Abstract
Introduction
This study aims to highlight the factors associated with suicidal behavior among patients with depressive disorders.
Material and methods
A retrospective (Jan 2002 – Dec 2007) evaluation of medical records was done at the psychiatric clinic at the Penang (Malaysia) Public Hospital. Data was analyzed using Statistical Package for Social Science SPSS version 13®. Chi-square (χ2) test was used to assess the association among variables. Odds ratios were calculated. Multiple logistic regression was applied to identify the predictors for suicidal behavior.
Results
Of 298 patients, 99 patients reported having thoughts of suicide. Overall, female respondents, particularly Chinese, constituted the majority reporting suicidal thoughts (p = 0.01). Cigarette (p < 0.01) and alcohol use (p < 0.01) were found to be associated with suicidal ideation. Among patients with medical comorbidities, diabetics were at a high risk for suicidal thoughts (odds ratio – OR = 1.05, 95% confidence interval – CI 0.45-2.46). In terms of social problems, marital and relationship difficulties were the main risk factors (OR = 2.03, 95% CI: 1.16-3.58). The significant predictors for suicidal behavior were found to be smoking and alcohol use (adjusted R2 = 0.39, F change = 75.55, p < 0.01).
Conclusions
Chinese females were found at higher risk of suicidal ideation, as were smokers and alcohol users. The elderly aged 50 and over were also at a higher risk, followed by adolescents and youths aged 15-24 years. Comorbid medical complications and social problems were other factors that may contribute to suicidal ideation among the patients with depressive disorders.
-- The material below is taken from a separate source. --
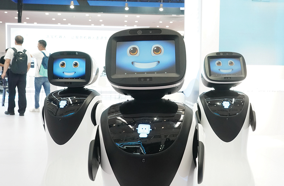 Service robots are displayed at the World Robot Conference 2023 in Beijing on Thursday. The fair ends tomorrow. – Xinhua

Keywords: suicidal behaviour, Penang Public Hospital, comorbidities, social problems, smoking and alcohol use
Introduction
Depression with suicide attempts is a public health challenge around the world. The World Health Organization (WHO), 1996 has provided evidence that in the United States (US), more than 30,000 individuals commit suicide annually, and the estimated loss of productivity due to suicide is over $11.8 billion [1–4]. Globally, it is estimated that one million suicides are recorded annually [1, 2]. According to the WHO, suicides share the highest burden of intentional injuries in developed countries [5] and a massive increase in the suicide rate is expected in the coming decades [6, 7]. In response to the anticipated elevation in the suicide rate, the WHO and the US government have been highly motivated to expand their knowledge on the incidence of and the factors associated with both fatal and non-fatal suicidal behaviour [2, 3, 8]. It is believed that such efforts will aid in the planning of public health policies in this regard [2, 3, 8]. While discussing the factors associated with suicide, one cannot ignore the mental disorders that pose a potential risk for suicidal behaviour and self-harm. Also, many studies have identified ethnic differences in the incidence of mental disorders and suicide [5], but very few researchers have considered the cultural epidemiology of self-harm. It is therefore essential to investigate the issue of suicide in diverse societies [5, 6], since culture does affect the rate and method of self-harming across countries [8–10]. Other factors playing a vital role in suicide rates include social segregation, unemployment, and financial strain [1–4, 11, 12].
Scenario in Malaysia
Malaysia is a multicultural country, with an estimated population of 27 million. The population of Malaysia comprises Malays (Bumiputras), Chinese, Indians, and other minorities. A literature search revealed that Murungesan and Yeoh (1978) were the first to record the suicide rate in Malaysia [13]. They reported a high incidence of suicide among men, with an estimated male to female ratio of 2.9: 1. Indians were found to have the highest rate of suicide, followed by the Chinese and Malays. However, other studies conducted in the year 1980 reported the male to female suicidal ratio to be 1: 2.8 at the psychiatric ward at the Kuala Lumpur General Hospital [14]. Earlier studies reported a higher incidence of suicide among Indians, particularly among women [15–19].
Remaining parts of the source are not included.